▸ **WHAT NEEDS TO BE DONE**
The exact lines of the listing, from its first through the line that contains "Длинный широкий баннер.", are to make up the answer, and pictures are to be left out.

▸ **GIVEN DATA**
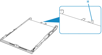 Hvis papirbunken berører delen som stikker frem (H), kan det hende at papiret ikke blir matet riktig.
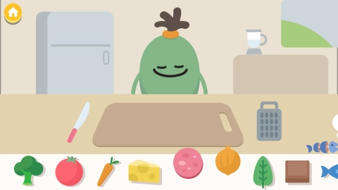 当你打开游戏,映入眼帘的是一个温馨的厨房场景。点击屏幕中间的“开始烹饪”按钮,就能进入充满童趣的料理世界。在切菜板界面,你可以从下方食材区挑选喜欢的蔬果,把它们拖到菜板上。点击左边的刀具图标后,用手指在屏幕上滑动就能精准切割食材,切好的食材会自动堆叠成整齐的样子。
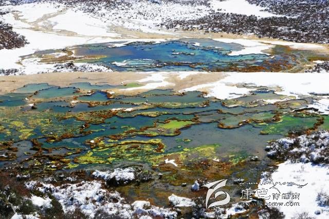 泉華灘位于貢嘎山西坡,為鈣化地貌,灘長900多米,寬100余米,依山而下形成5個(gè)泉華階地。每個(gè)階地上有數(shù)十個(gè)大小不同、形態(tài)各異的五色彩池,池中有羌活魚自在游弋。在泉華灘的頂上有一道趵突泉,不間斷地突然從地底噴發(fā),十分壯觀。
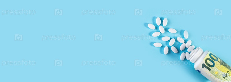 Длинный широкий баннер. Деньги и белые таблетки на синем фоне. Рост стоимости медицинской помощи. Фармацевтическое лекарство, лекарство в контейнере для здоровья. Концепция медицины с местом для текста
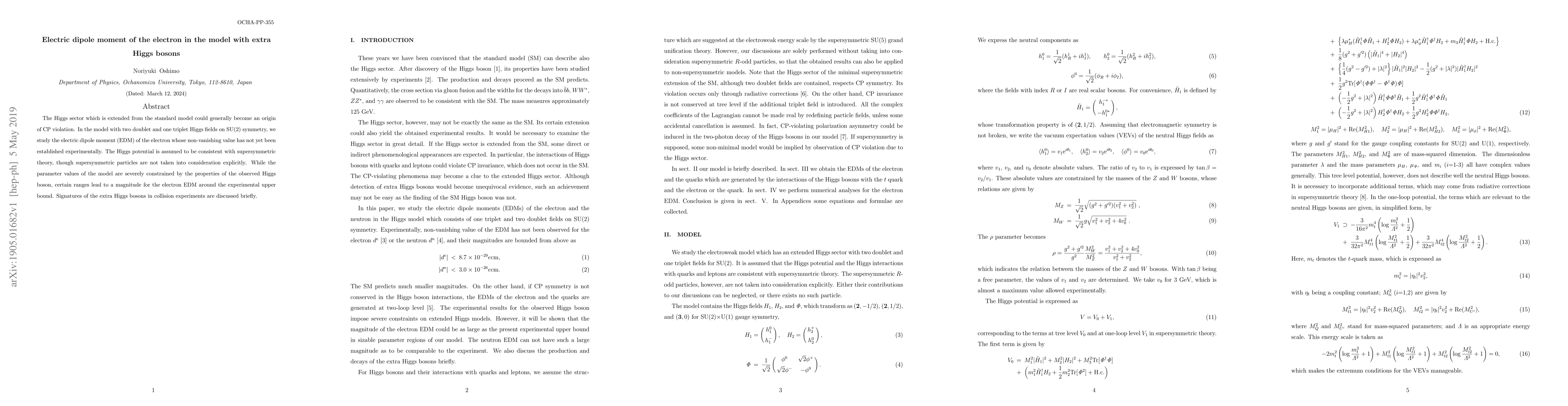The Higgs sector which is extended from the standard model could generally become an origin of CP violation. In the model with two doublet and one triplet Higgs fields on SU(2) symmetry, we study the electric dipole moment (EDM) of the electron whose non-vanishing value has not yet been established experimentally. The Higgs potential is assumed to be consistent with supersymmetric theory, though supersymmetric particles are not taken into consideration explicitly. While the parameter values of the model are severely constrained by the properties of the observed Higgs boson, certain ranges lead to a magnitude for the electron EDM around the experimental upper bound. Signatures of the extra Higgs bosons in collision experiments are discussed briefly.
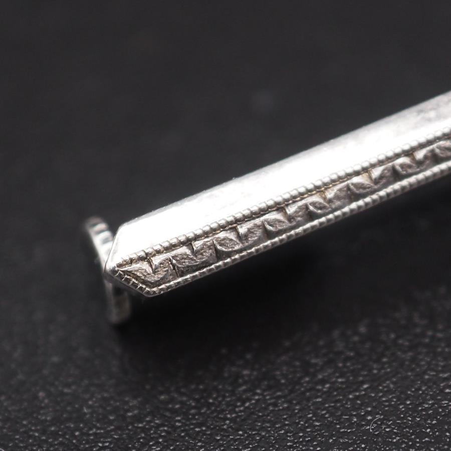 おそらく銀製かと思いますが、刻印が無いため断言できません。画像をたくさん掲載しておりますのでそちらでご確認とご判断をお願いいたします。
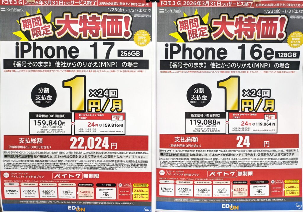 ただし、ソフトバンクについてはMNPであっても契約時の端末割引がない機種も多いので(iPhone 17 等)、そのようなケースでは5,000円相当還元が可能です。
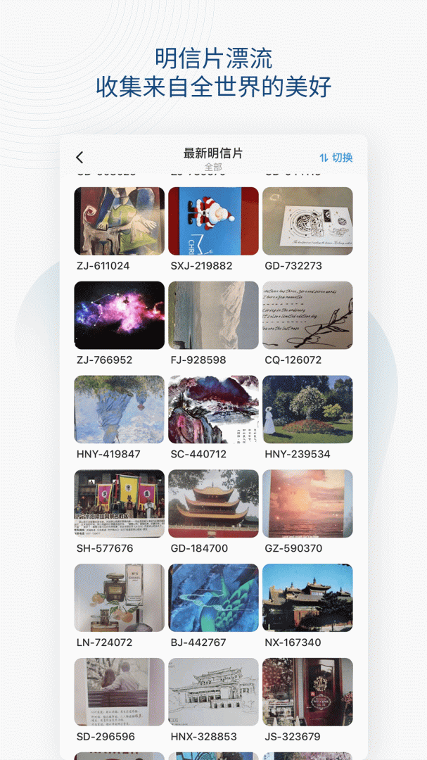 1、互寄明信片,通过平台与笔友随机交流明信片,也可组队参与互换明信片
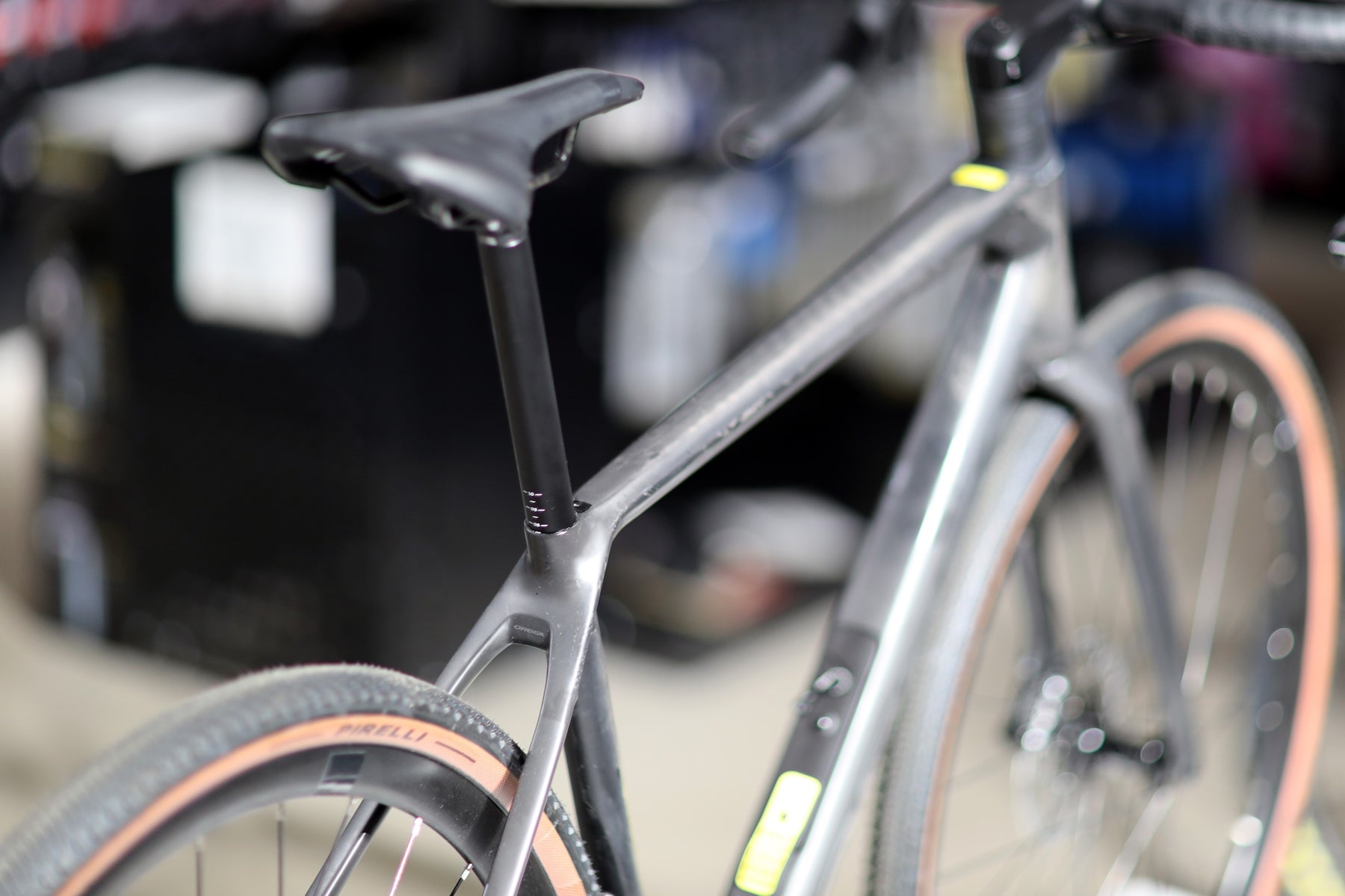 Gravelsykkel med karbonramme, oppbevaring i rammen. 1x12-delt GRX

▸ **EXERCISE RESULT**
 Hvis papirbunken berører delen som stikker frem (H), kan det hende at papiret ikke blir matet riktig.
 当你打开游戏,映入眼帘的是一个温馨的厨房场景。点击屏幕中间的“开始烹饪”按钮,就能进入充满童趣的料理世界。在切菜板界面,你可以从下方食材区挑选喜欢的蔬果,把它们拖到菜板上。点击左边的刀具图标后,用手指在屏幕上滑动就能精准切割食材,切好的食材会自动堆叠成整齐的样子。
 泉華灘位于貢嘎山西坡,為鈣化地貌,灘長900多米,寬100余米,依山而下形成5個(gè)泉華階地。每個(gè)階地上有數(shù)十個(gè)大小不同、形態(tài)各異的五色彩池,池中有羌活魚自在游弋。在泉華灘的頂上有一道趵突泉,不間斷地突然從地底噴發(fā),十分壯觀。
 Длинный широкий баннер. Деньги и белые таблетки на синем фоне. Рост стоимости медицинской помощи. Фармацевтическое лекарство, лекарство в контейнере для здоровья. Концепция медицины с местом для текста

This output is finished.